Let me stick to your 4-dimensional matrices and vectors, all tensor products of 2x2 matrices and 2-vectors in both cases.

  • A tensor-product (Cartesian product) group such as $SU(2)\times SU(2)$ has group elements of the type $\exp (i\theta^a \sigma_a) \times \exp (i\phi^b \tau_b)$, where I am using σ s and τ s for Pauli matrices acting on the left and right spaces, respectively---they are apples and oranges, think of them as spin rotations and isospin rotations. They are side by side. Importantly, their rotation angles are different and hopelessly unrelated, θ for space/spin rotations and φ for isospin rotations. You might combine them into a 4 dim space acted upon by 4×4 matrices, without absolutely any meaning. Crucially, you chose one of many possibilities for your group. The isospin group might have been supplanted by a different flavor group, say SU(3), so, then $SU(2)\times SU(3)$ and you'd have Gell-Mann λ s instead of τ s and your φ s would now be 8.

  • This is very different from a Kronecker product of two representations of SU(2), so the same group, here chosen to be of two doublet representations: adding two spin 1/2s. The group element may be acting on two different spaces, left and right, but with the same angles, like synchronized swimming, $\exp (i\theta^a \sigma_a) \otimes \exp (i\theta^a \tau_a)$. You could have chosen different sized spaces for left and right, but the generators in the exponent should always be representation matrices of SU(2) in the representation of your choice, with the same angle. To see this, consider the coproduct in mathematese, namely $$ \Delta(J^a) = \sigma^a \otimes 1\!\!1 +1\!\!1\otimes \tau^a .$$ This coproduct is easy to see obeys the same Lia algebra as either representation, left or right, here chosen to be both Pauli matrices, "accidentally", by you. So then $ \Delta(J^a) $ is a fine representation of SU(2). Let's saturate it with three angles and exponentiate it to get the group element, $\exp (i \theta^a \Delta(J^a) )= \exp (i \theta^a( \sigma^a \otimes 1\!\!1 +1\!\!1\otimes \tau^a))= \exp (i \theta^a \sigma^a)\otimes \exp (i \theta^a \tau^a) $, where the left and right terms in the exponent commute among themselves, and so the exponential factors to two exponentials acting on the left and right spaces, respectively, in tandem. Now it turns out the 4-dim rep of the $\Delta(J^a)$s is reducible. That is, if we wrote it down as a 4×4 matrix, it would be reducible: that is, a suitable similarity transformation (Clebsch-Gordan) would transform it into a block matrix; here, kind of silly, since it would have a 3×3 block and a 1×1 block with zero entries, as the spin matrices for the singlet rep are 0s. The 3×3 block would be just the spin-one spin matrices, $j^a$. The group action on this rearranged 3+1 space would be $\exp(i\theta^a j^a)\oplus 1$, since exp(i θ 0)=1, quite exceptionally. Such would happen, of course, for all Kronecker products of any reps, not just your chosen example Pauli matrices. So here it does make sense to rearrange the tensor product space, as it facilitates the reduction of the reps.

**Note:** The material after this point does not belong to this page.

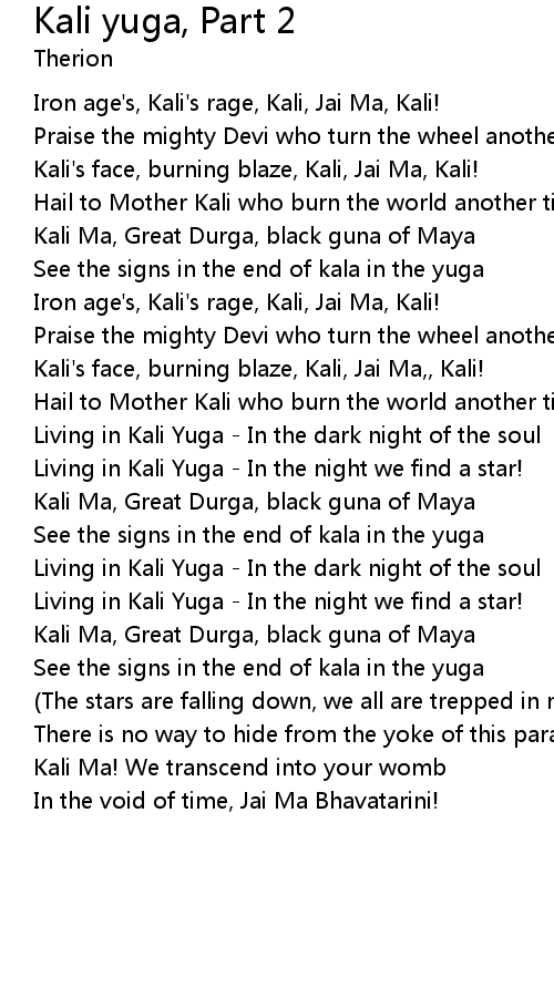 | Iron age's, Kali's rage, Kali, Jai Ma, Kali! | |

  • Takeaway: look at the angles---the transformation parameters: when you are combining groups, each group will have different ones, even if the two groups coincide. Now you are ready to face the Lorentz-group reps: different groups, many angles! If, instead, you are combining reps, the angles are the same, as many as the dimensionality of the group/Lie-algebra, but never more.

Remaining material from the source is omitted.